Harley Quinn has posed:
The Quiddit comment gets a fingerwiggle gesture in return from Harley, along with a pearly-white smile of hers, "Just making suwah you aren't too taken by our new bird, daaaaarling." she teases before leaning forward on her seat, elbows on the table and her hands up and holding her chin so she can better stare at Songbird.

"Ooooh, lovely name. I don't got a cool name like that. Maybe harlequin, or clownette." a thoughtful beat, "Clown princess in some circles...."

"Say, you ever wore roller blades?" She then asks out of the blue at Songbird and then asks a rather more pertinent question, "What made you volunteer?"
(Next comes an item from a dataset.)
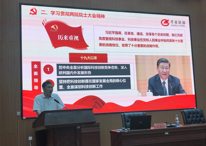 7月6日晚19点30分,华菱涟钢党委书记、执行董事肖尊湖高工应邀来KY官网匠成楼报告厅做“学习两院院士大会精神,打造娄底先进制造业双引擎”的学术讲座。学校党委委员、副校长陈志国教授主持报告会,副校长刘建勋、能源与机电工程学院、材料与环境工程学院和科研处相关领导及部分师生参加了报告会。

Wade's shots have her frown and her lower lip trembles in faux indignation at it. "Now I am hurt."

Melissa Gold has posed:
And the lack of answers really shouldn't be surprising to her. Though a few of the members had put their names on their sheets. Thus her knowing them. Though she looked to the man in the button up shirt and back to her papers. "Did I get your sheet?"

"Oh! No. Sorry!" And he quickly passed over the folded piece of paper before settling into a desk with his cup of coffee.

Songbird looked it over. "Peter. Just...that?" She blinked at him in surprise then shrugged and reached into that belt. Seemed it did have some hidey spots after all as she withdrew a folded piece of paper. It was opened and she looked at the info then the gathering. Pinpointing each by name. And if they were volunteers or voluntolds.

There were a lot of voluntolds.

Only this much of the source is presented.